#### [Work request]
Begin with the line containing "MOVIE COMICS: ARMY", end with the last line of the records, and retype everything in between exactly, without the pictures.

#### [Source material]

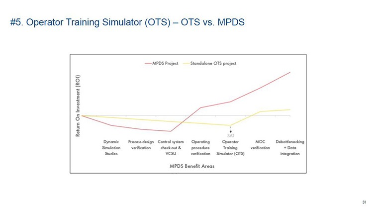 Serrano calculated the cost avoidance of all the operational team strategies at about $4-$8 million for each major unit of the assets. Implementing an MPDS model, while it’s more expensive at first, Serrano explained how the Return of Investment is much more effective than with stand-alone Operational Training Simulators.
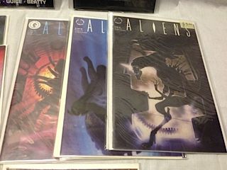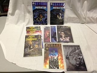 MOVIE COMICS: ARMY OF DARKNESS #1 THROUGH #3, ALIENS TRIBES, ALIENS PLATINUM EDITIONS, 2 COPIES ALIENS PREDATOR SIGNED WITH C.O.A.'S
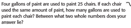 Sample Answer: 1/4 gallon ; answer is between 3 and 4
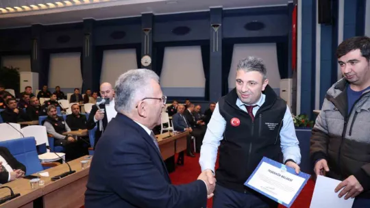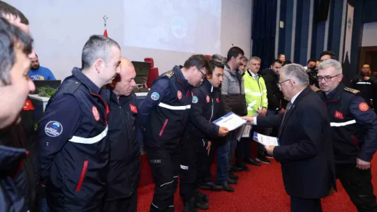 Konuşmaların ardından, gerek arama, kurtarma gerekse yardım faaliyetlerinde üstün başarı ve gayret gösteren Kayseri Büyükşehir Belediyesi daire başkanlıkları ekiplerine teşekkür belgesi ve plaketi takdim edildi.
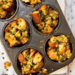 Delicious and easy-to-make Stuffing Muffins featuring whole wheat French bread, savory pancetta, fresh herbs, and classic seasonings. Perfectly portioned in a muffin tin, these stuffing muffins offer a flavorful twist on traditional stuffing, ideal as a side dish for holiday meals or everyday dinners.

#### [Answer]
 MOVIE COMICS: ARMY OF DARKNESS #1 THROUGH #3, ALIENS TRIBES, ALIENS PLATINUM EDITIONS, 2 COPIES ALIENS PREDATOR SIGNED WITH C.O.A.'S
 Sample Answer: 1/4 gallon ; answer is between 3 and 4
 Konuşmaların ardından, gerek arama, kurtarma gerekse yardım faaliyetlerinde üstün başarı ve gayret gösteren Kayseri Büyükşehir Belediyesi daire başkanlıkları ekiplerine teşekkür belgesi ve plaketi takdim edildi.
 Delicious and easy-to-make Stuffing Muffins featuring whole wheat French bread, savory pancetta, fresh herbs, and classic seasonings. Perfectly portioned in a muffin tin, these stuffing muffins offer a flavorful twist on traditional stuffing, ideal as a side dish for holiday meals or everyday dinners.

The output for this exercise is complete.